What needs to be done: With the pictures left out, print exactly the lines below that run from the one containing "garden front bee" through the one containing "Join the decade".

The input:
[Start of section]

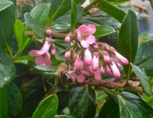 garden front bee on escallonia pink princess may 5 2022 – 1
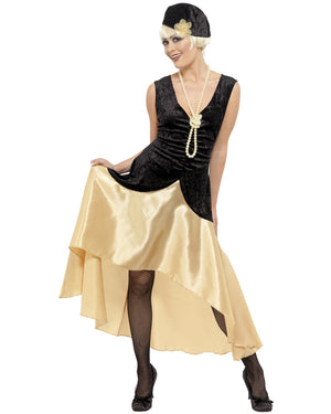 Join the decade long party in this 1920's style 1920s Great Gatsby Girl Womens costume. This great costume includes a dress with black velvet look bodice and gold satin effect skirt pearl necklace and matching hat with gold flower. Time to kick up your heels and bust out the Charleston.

[End of section]
[Start of section]

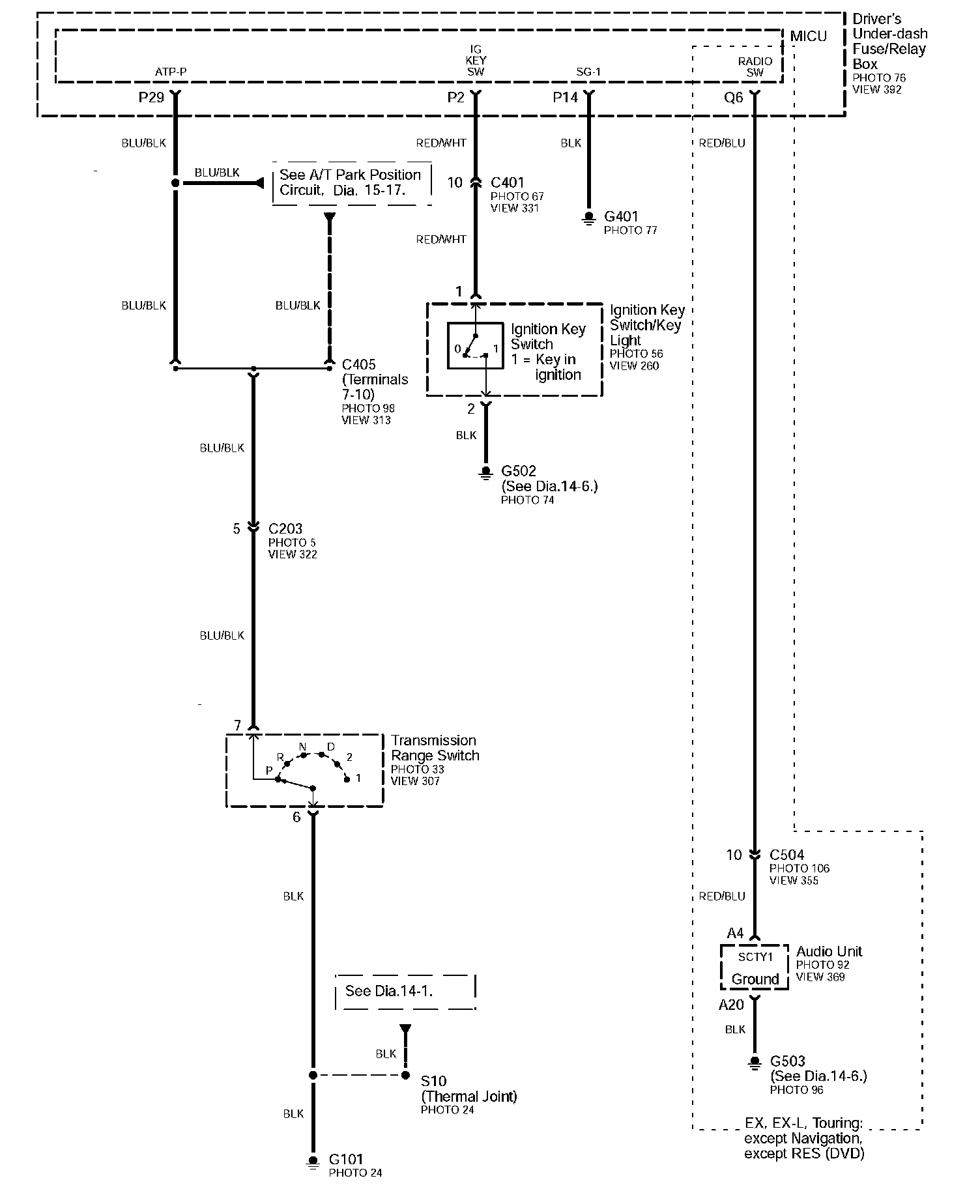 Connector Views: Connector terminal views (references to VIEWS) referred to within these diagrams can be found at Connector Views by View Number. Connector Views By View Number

[End of section]

Task result:
 garden front bee on escallonia pink princess may 5 2022 – 1
 Join the decade long party in this 1920's style 1920s Great Gatsby Girl Womens costume. This great costume includes a dress with black velvet look bodice and gold satin effect skirt pearl necklace and matching hat with gold flower. Time to kick up your heels and bust out the Charleston.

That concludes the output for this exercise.